Start of Block
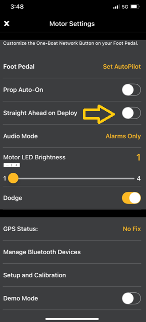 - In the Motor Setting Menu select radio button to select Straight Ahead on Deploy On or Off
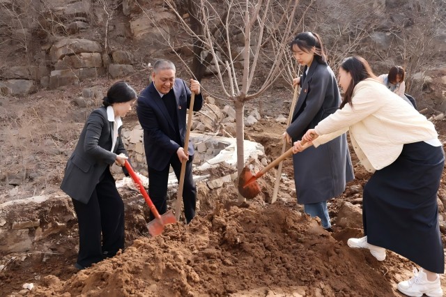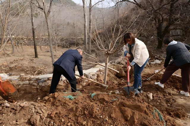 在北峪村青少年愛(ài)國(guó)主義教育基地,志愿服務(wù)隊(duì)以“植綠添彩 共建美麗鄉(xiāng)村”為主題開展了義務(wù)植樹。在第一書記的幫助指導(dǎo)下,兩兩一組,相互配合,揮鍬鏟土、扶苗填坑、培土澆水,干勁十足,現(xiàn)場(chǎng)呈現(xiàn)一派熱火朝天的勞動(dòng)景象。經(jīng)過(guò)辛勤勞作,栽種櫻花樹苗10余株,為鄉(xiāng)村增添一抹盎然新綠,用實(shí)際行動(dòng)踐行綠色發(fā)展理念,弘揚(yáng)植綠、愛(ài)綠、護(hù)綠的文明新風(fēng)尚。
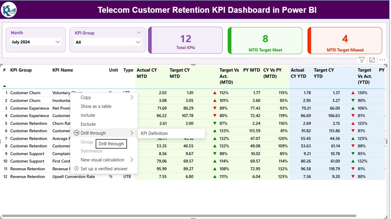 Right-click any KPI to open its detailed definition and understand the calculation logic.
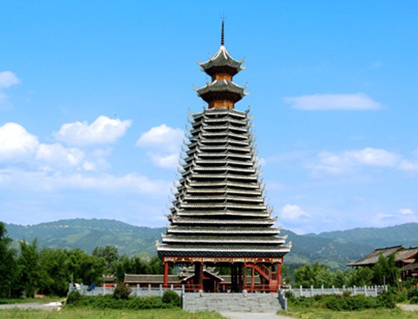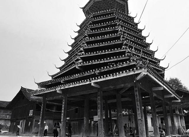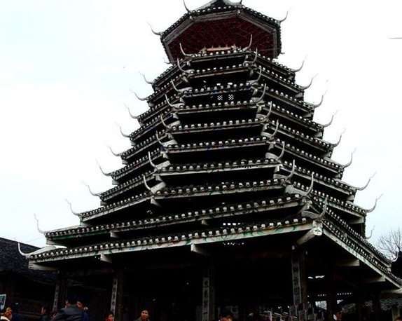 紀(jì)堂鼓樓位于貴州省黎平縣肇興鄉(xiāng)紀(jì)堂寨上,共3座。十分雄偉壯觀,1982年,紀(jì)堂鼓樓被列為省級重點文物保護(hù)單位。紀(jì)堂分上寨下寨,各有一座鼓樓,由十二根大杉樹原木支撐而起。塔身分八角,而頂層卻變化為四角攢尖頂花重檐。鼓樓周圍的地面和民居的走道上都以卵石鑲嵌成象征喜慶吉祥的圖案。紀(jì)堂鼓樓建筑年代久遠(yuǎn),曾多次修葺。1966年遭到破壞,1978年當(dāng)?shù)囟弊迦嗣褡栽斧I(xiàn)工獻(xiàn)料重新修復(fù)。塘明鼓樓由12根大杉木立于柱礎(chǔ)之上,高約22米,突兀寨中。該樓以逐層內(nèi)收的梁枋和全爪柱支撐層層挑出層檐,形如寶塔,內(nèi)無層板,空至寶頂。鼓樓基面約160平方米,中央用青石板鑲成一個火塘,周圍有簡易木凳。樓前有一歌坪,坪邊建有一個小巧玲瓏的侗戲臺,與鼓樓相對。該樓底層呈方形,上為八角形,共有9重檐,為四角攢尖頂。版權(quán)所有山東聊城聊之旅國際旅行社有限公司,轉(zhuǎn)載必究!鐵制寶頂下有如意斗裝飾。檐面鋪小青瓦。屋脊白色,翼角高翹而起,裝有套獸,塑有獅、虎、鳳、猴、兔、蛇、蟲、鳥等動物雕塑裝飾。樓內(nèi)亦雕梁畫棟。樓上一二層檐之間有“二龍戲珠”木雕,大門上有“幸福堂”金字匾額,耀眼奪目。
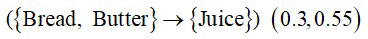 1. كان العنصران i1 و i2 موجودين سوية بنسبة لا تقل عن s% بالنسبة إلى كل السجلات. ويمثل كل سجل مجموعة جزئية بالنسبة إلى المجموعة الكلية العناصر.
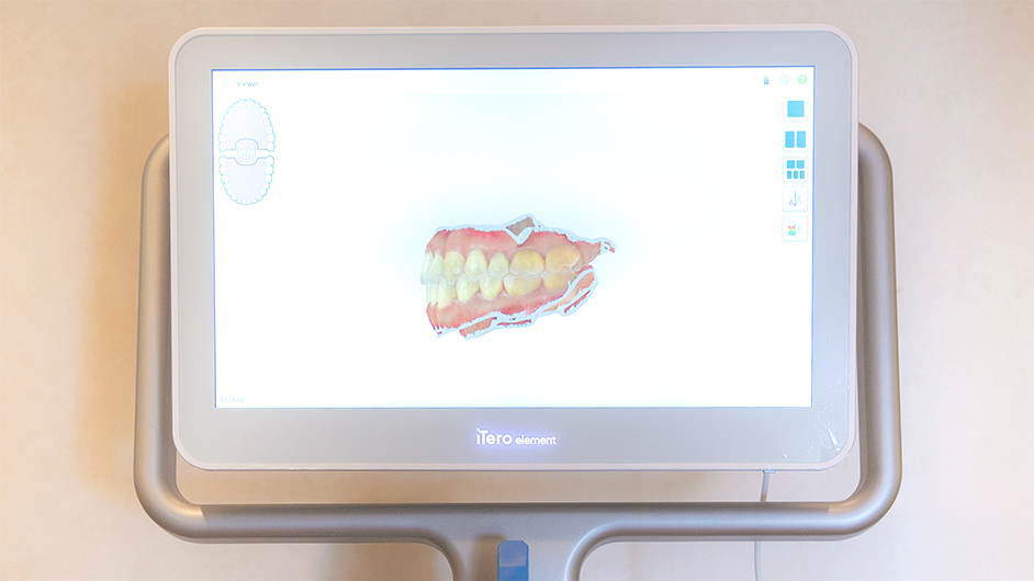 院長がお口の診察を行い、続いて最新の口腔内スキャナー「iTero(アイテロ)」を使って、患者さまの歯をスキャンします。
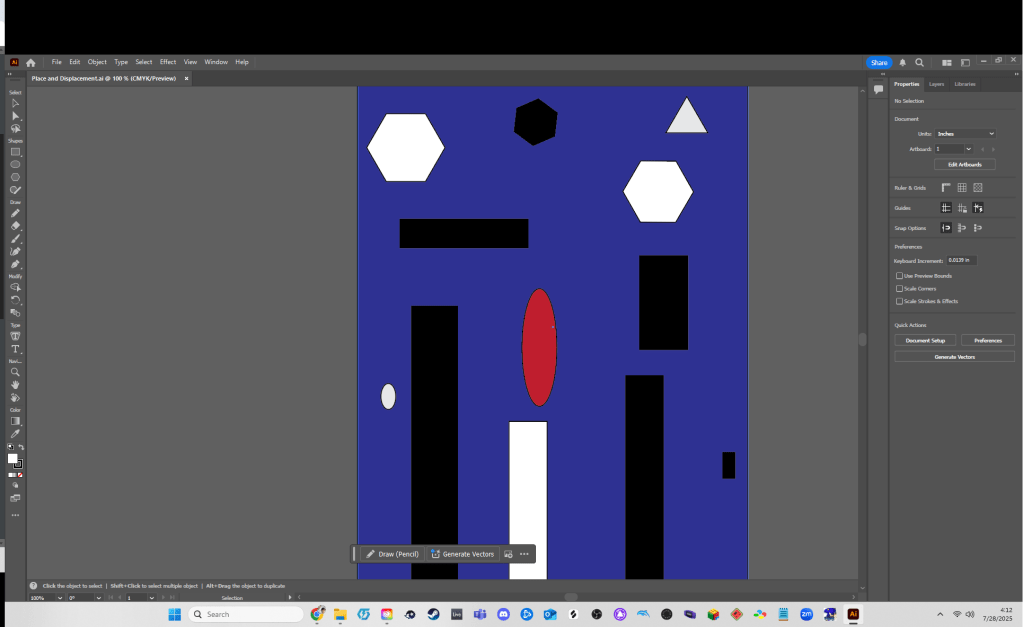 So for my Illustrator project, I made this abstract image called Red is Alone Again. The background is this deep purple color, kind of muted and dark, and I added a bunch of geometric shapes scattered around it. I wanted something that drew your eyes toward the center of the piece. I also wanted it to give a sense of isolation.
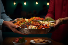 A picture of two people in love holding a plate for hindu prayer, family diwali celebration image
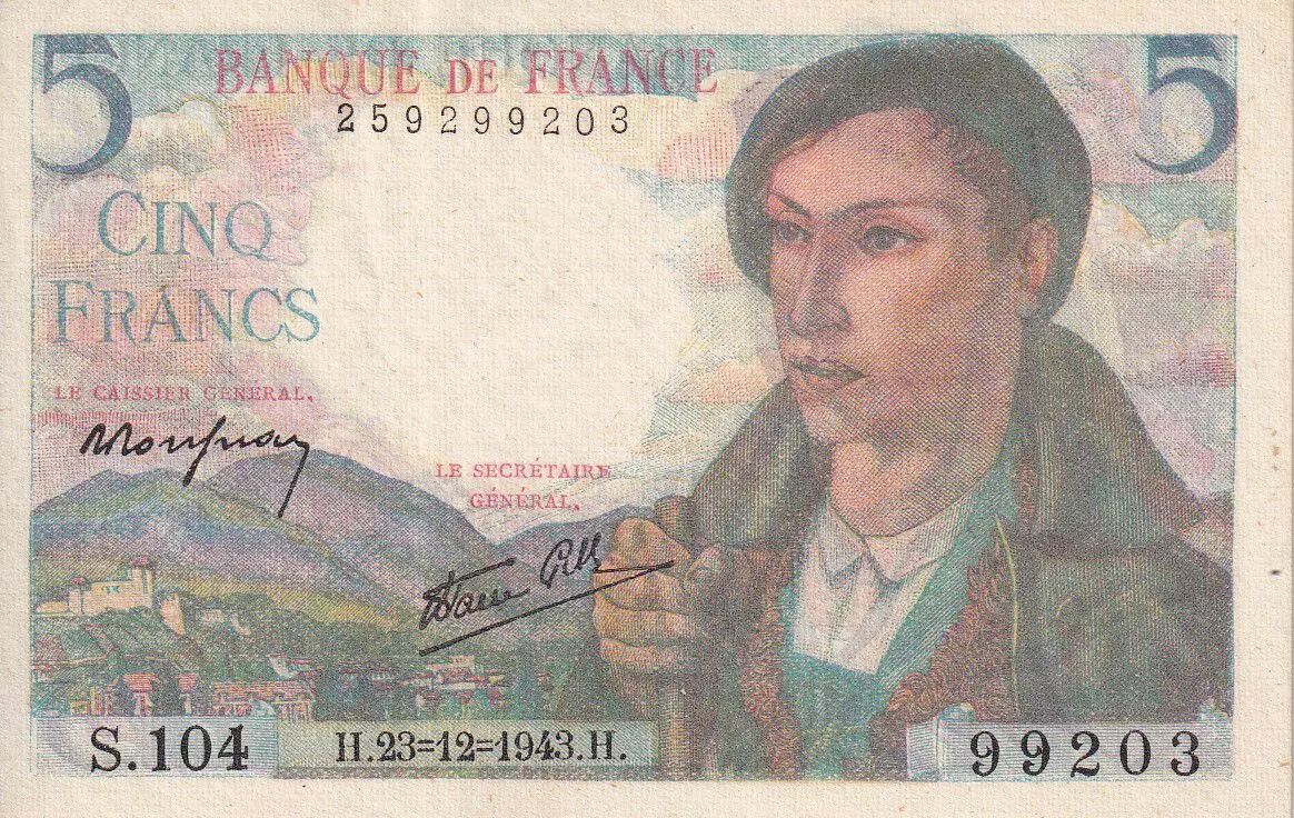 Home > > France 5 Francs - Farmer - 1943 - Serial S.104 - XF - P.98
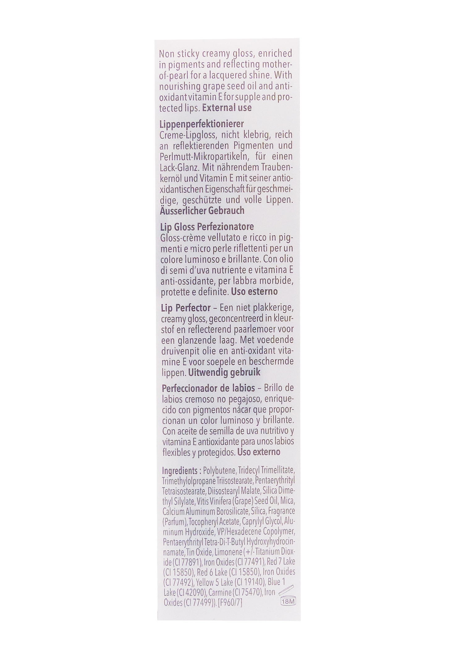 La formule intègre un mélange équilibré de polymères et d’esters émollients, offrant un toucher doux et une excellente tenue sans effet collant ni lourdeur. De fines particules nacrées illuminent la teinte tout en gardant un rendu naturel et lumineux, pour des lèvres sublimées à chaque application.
End of Block
Start of Block
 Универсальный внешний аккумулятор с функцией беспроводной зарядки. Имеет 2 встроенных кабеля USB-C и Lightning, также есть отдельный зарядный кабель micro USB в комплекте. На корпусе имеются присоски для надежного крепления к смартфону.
End of Block
Start of Block
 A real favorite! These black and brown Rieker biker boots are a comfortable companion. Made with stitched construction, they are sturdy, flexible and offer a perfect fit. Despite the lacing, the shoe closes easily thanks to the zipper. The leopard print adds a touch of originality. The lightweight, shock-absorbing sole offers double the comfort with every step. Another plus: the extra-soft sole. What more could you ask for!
End of Block
**What is expected**
Look above for the line with "Home > > France" and the line with "La formule intègre"; set down those two lines and all lines between them exactly, without pictures and without anything else.

**Written solution**
 Home > > France 5 Francs - Farmer - 1943 - Serial S.104 - XF - P.98
 La formule intègre un mélange équilibré de polymères et d’esters émollients, offrant un toucher doux et une excellente tenue sans effet collant ni lourdeur. De fines particules nacrées illuminent la teinte tout en gardant un rendu naturel et lumineux, pour des lèvres sublimées à chaque application.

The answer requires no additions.